To solve your box model, simply call its solve() function:
[9]:
df = box_model.solve()
The solve() method returns a pandas DataFrame containing the simulation results.
7. View Outputs and Visualizations#
The DataFrame includes the following columns:
time.s - Simulation time in seconds
ENV.temperature.K - Temperature at each time step in Kelvin
ENV.pressure.Pa - Pressure at each time step in Pascals
ENV.air number density.mol m-3 - Air density in mol/m³
CONC.X.mol m-3, CONC.Y.mol m-3, CONC.Z.mol m-3 - Species concentrations in mol/m³ for each species in your mechanism
This structured format makes it easy to analyze, visualize, and export your simulation results.
To view your solved model’s data and a basic visualization of it:
[10]:
display(df.describe())
display(df)
df.plot(x='time.s', y=['CONC.X.mol m-3', 'CONC.Y.mol m-3', 'CONC.Z.mol m-3'], title='Concentration over time', ylabel='Concentration (mol m-3)', xlabel='Time (s)')
plt.show()
| time.s | ENV.temperature.K | ENV.pressure.Pa | ENV.air number density.mol m-3 | CONC.X.mol m-3 | CONC.Y.mol m-3 | CONC.Z.mol m-3 | |
|---|---|---|---|---|---|---|---|
| count | 11.000000 | 11.000000 | 11.000000 | 11.000000 | 11.000000 | 11.000000 | 11.000000 |
| mean | 100.000000 | 287.627273 | 100768.181818 | 42.194541 | 2.439584 | 4.194061 | 4.616355 |
| std | 66.332496 | 12.089693 | 639.735386 | 1.517135 | 0.762650 | 0.572226 | 1.329958 |
| min | 0.000000 | 275.000000 | 100100.000000 | 40.874045 | 1.446236 | 3.306276 | 2.500000 |
| 25% | 50.000000 | 275.000000 | 100100.000000 | 40.874045 | 1.840420 | 3.761719 | 3.640977 |
| 50% | 100.000000 | 298.150000 | 101325.000000 | 40.874045 | 2.336660 | 4.220865 | 4.692475 |
| 75% | 150.000000 | 298.150000 | 101325.000000 | 43.779137 | 2.963461 | 4.645562 | 5.647861 |
| max | 200.000000 | 298.150000 | 101325.000000 | 43.779137 | 3.750000 | 5.000000 | 6.497488 |
| time.s | ENV.temperature.K | ENV.pressure.Pa | ENV.air number density.mol m-3 | CONC.X.mol m-3 | CONC.Y.mol m-3 | CONC.Z.mol m-3 | |
|---|---|---|---|---|---|---|---|
| 0 | 0.0 | 298.15 | 101325.0 | 40.874045 | 3.750000 | 5.000000 | 2.500000 |
| 1 | 20.0 | 298.15 | 101325.0 | 40.874045 | 3.411490 | 4.871403 | 2.967107 |
| 2 | 40.0 | 298.15 | 101325.0 | 40.874045 | 3.103538 | 4.725280 | 3.421182 |
| 3 | 60.0 | 298.15 | 101325.0 | 40.874045 | 2.823383 | 4.565844 | 3.860773 |
| 4 | 80.0 | 298.15 | 101325.0 | 40.874045 | 2.568519 | 4.396687 | 4.284794 |
| 5 | 100.0 | 298.15 | 101325.0 | 40.874045 | 2.336660 | 4.220865 | 4.692475 |
| 6 | 120.0 | 275.00 | 100100.0 | 43.779137 | 2.122874 | 4.038383 | 5.088743 |
| 7 | 140.0 | 275.00 | 100100.0 | 43.779137 | 1.928648 | 3.853960 | 5.467392 |
| 8 | 160.0 | 275.00 | 100100.0 | 43.779137 | 1.752192 | 3.669479 | 5.828329 |
| 9 | 180.0 | 275.00 | 100100.0 | 43.779137 | 1.591880 | 3.486494 | 6.171626 |
| 10 | 200.0 | 275.00 | 100100.0 | 43.779137 | 1.446236 | 3.306276 | 6.497488 |
The first display() call shows statistical summary information about the DataFrame (count, mean, standard deviation, min/max values).

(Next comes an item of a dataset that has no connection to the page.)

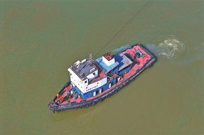 ▶施工方用拖船把导引绳从长江北岸牵引到南岸。
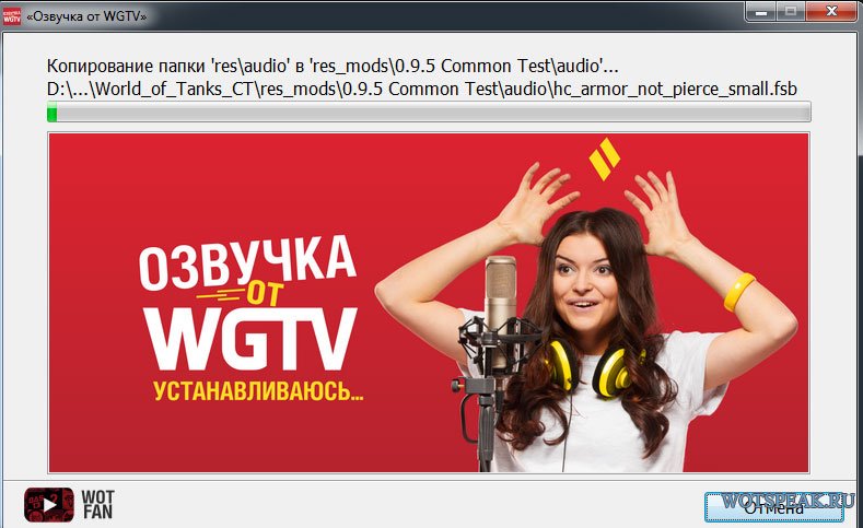 Отличная озвучка от Варгейминг Тв для World of tanks 0.9.15.2, в состав которой входят сразу три варианта набора звуковых фраз экипажа. Популярные ведущие официальных программ Wargaming Кирилл Орешкин, Ольга и Ася неплохо потрудились и сделали отличный подарок для всех фанатов их творчества. Теперь наслаждаться их голосами вы сможете не только просматривая ролики на ютубе, но и во время горячего танкового боя. В архиве есть удобный установщик, в состав которого входят все три версии звуковых модификаций. Вам достаточно выбрать голос вашего любимого ведущего и указать папку с установленный клиентом World of tanks.

The second display() shows the full DataFrame with all time steps and their corresponding values.
The plot() function from pandas creates a line plot visualization:
x=’time.s’ - Sets time as the x-axis
y=[…] - Lists the species concentrations to plot on the y-axis
title, xlabel, ylabel - Add labels to make the plot readable
The plt.show() displays the plot in the notebook.
Note: If you are running this code in a Jupyter notebook, use display() as shown above. If you’re running this as a Python script in a terminal, replace display() with print().